The grocery store we stopped at is located in a suburb that I'm not exactly sure how to describe, so I'll just call it "Home of the Dickheads and Overpopulated With Assholes and Bitches." You're probably wondering why I bothered to subject myself to such a pretentious shopping experience, and the answer is: the ribeyes were on sale.
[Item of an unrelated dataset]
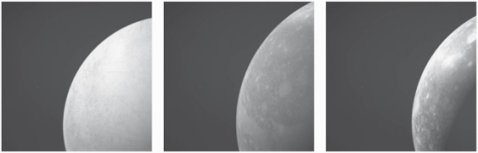 Image: Impressions of how the Jupiter Icy Moons Explorer will see moons Europa (left), Ganymede (middle) and Callisto (right) with its Navigation Camera (NavCam). To generate these images, the NavCam was fed simulated views – based on existing images of the moons – to process realistic views of what can be expected once in the Jupiter system. Credit & copyright: Airbus Defence and Space.

While we were waiting in line at the deli, a woman whose hair was 19 different shades of blonde, had a purse so big that it wouldn't have qualified as carry-on baggage and was apparently incapable of removing her ginormous sunglasses while indoors wandered up and waited behind me. When the deli lady asked her if she needed help, she hollered "Why yes, I do! Thank you sweetheart!" and then for some reason she started laughing like a hyena. Zach looked at me like "holy crap did you hear that what in the hell is wrong with this woman" and I gave him the exact same look. She then proceeded to tell the deli lady that she wanted turkey, but not just any old turkey. She wanted something different and amazing. Something that was really unique and had some zing. No shit. She used all of these adjectives for turkey. She then proceeded to shout at the deli lady, calling her girlfriend, honey, sistah and then sweetheart one more time before she finally wandered toward the floral section.
A couple minutes later, we saw another woman (also with her sunglasses on) that was talking REALLY LOUDLY TO HER TWO DAUGHTERS TELLING THEM THAT THEY WERE MAKING SPECTACULAR CHOICES IN THE CRACKER AISLE AND OH MY STARS THOSE CRACKERS LOOK DELISH WOW MY LITTLE DARLINGS ARE AMAZING! Again, Zach looked at me and actually said "Holy crap, is everyone at this store insane? I hate it when people talk so loud and fake and stuck-up. They don't look cool, they look stupid." So there you have it, loud stuck-up bitches: teenage boys think you look, and sound, like morons.
Now, I could have taken the mature route and told my kid to just ignore them and be nice because gee whiz, everyone has their own insecurities and mannerisms and some people need more attention than others, but that wouldn't have been very fun. So instead Zach and I wandered through the store, shouting at each other. In produce I shouted "Ooooh yummy! Smell the delectable ripeness of these pears Zach! They smell amazing and scrumptious!" In the condiment aisle, Zach yelled "Wow! That ketchup is so red! It's spectacular!" In the bakery I hollered "Wow! These hot dog buns are so soft and fresh! I bet they're delightful!"
While I was shouting about some chips and turning into an aisle, I had to stop because the cracker lady was standing in my way, loudly reciting the entire inventory of the olive oil shelf. She was so impressed by the sound of her own voice that she didn't hear me say "excuse me" twice. Finally she noticed me and said "Oh. I'm in the way aren't I. Where did everyone go? I need to go find my Jessica. JESSICA!" Then Zach said "I think if I go lay down over there, block the entire aisle and shout at the ceiling, I'd be less annoying than that woman."
I'm proud of the fact that my kids get good grades and put a lot of effort into their sports and music. Of course they piss me off sometimes, but when they display great instincts and are able to identify the morons of the world with such precision, these are the moments that tell me yeah, I really am doing something right.